Can we plant out yet, please?
I went on a reassuring walk this week. Feeling slightly guilty for my non-gardening housemate about the compost overflowing from every windowsill, I suddenly discovered a whole forest of plants crammed into bay windows on neighbouring streets. Every other house overflowed with nasturtiums, sweet peas, lettuces and other annuals all bursting to get into the garden. I could almost feel the anticipation. But it made me wonder: when is it too early to plant out?

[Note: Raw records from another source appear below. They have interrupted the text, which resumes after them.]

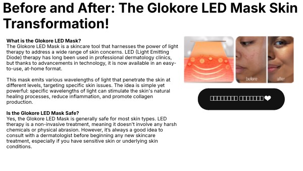 What is the Glokore LED Mask? The Glokore LED Mask is a skincare tool that harnesses the power of light therapy to address a wide range of skin concerns. LED (Light Emitting Diode) therapy has long been used in professional dermatology clinics, but thanks to advancements in technology, it is now available in an easy-to-use, at-home format. This mask emits various wavelengths of light that penetrate the skin at different levels, targeting specific skin issues. The idea is simple yet powerful: specific wavelengths of light can stimulate the skin's natural healing processes, reduce inflammation, and promote collagen production. Is the Glokore LED Mask Safe? Yes, the Glokore LED Mask is generally safe for most skin types. LED therapy is a non-invasive treatment, meaning it doesn't involve any harsh chemicals or physical abrasion. However, itβs always a good idea to consult with a dermatologist before beginning any new skincare treatment, especially if you have sensitive skin or underlying skin conditions.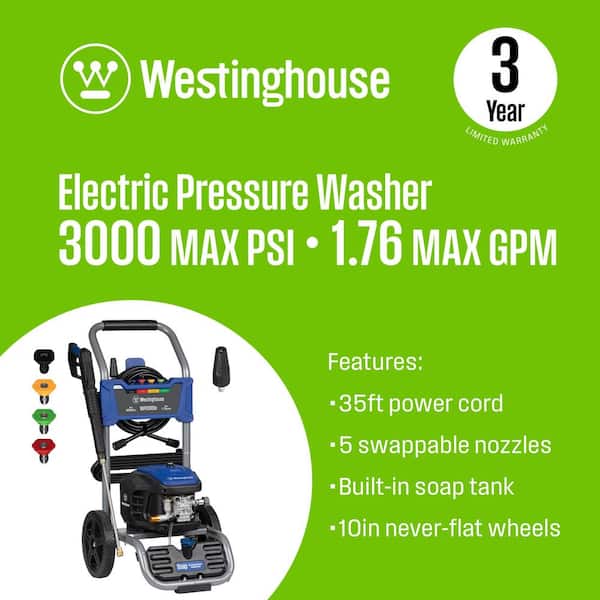 Questions and Answers for Westinghouse 3000 PSI 1.76 GPM 13 Amp Cold Water Electric Powered Pressure Washer with Turbo Nozzle and 5-Quick Connect Tips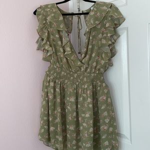 never worn dress. size large w/ tags still attached. green floral dress. super cute summer dress. can be dressed up or down. never wore it & in amazing condition. backless dress and ruffle detail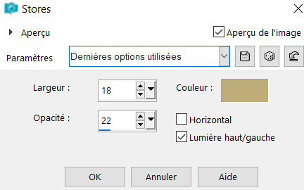 3° Effet de texture store avec les paramètres suivants :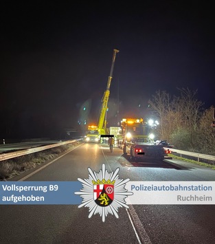 Limburgerhof (ots) – Bezug: Unsere Pressemeldung von gestern, 19:49 Uhr (https://www.presseportal.de/blaulicht/pm/117687/6232177) Nach Abschluss der Bergungsarbeiten wurde die Vollsperrung der B9 um 01:45 Uhr aufgehoben. Während der Sperrung war …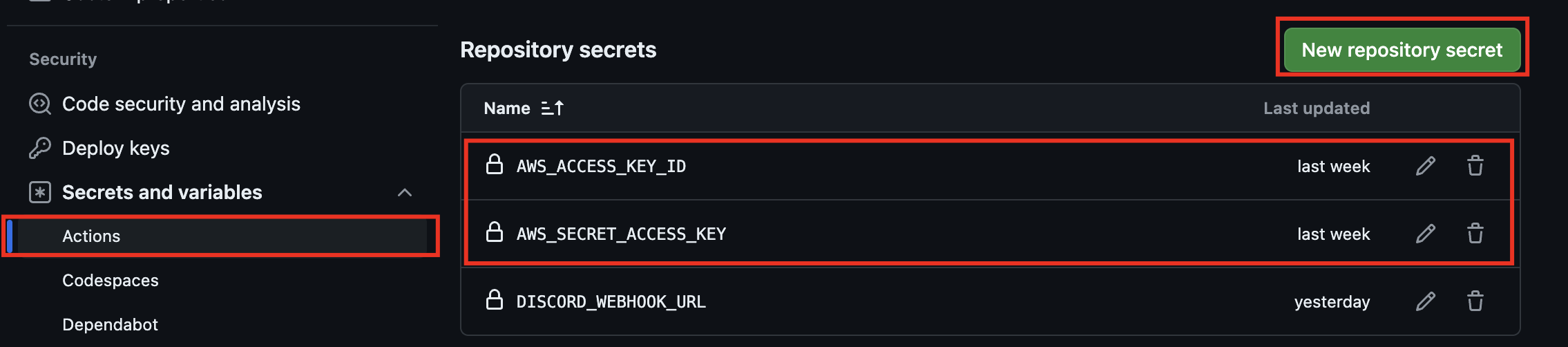 ${{ secrets.AWS_ACCESS_KEY_ID }} 와 ${{ secrets.AWS_SECRET_ACCESS_KEY }} 는 secrests의 AWS_ACESS_KEY_ID와 AWS_SECRET_ACCESS_KEY의 변수 값을 사용한다는 뜻이다. 깃허브의 settings에 들어가서 Secrets and variables > Actions 탭에서 New repository scret 버튼을 눌러서 값을 추가할 수 있다.

The temptingly precise BBC garden calendar recommends waiting until 24 May to harden off tender bedding. Most of my seed packets, a range of Wilkinsons own brand, Johnsons and B&Q own brand, suggest leaving it till ‘late May’. The Royal Horticultural Society, which obviously has Queenly connotations, says that to be on the safe side, one shouldn’t even think about planting out one’s tender plants before the date of the last frost, whenever that might be – and does add the caveat that the warmer the initial growing conditions, the longer the hardening off period. Wise words
But most temptingly, Dan Pearson in the Observer says ‘do it now’! So I did, but just with one lone Lupin which I thought strong enough to test theories on. I was sadly wrong. My garden guinea pig got munched by mutant slugs within hours of being outside, then battered by a cool south-westerly. Sheepishly I retrieved it from its freezing sunspot before total takeover, its little leaves depleted on one side, and its spirit gone.
Experiment aborted, I resolved for my poor Lupin to be the last plant I release before the 31st. Roll on, June!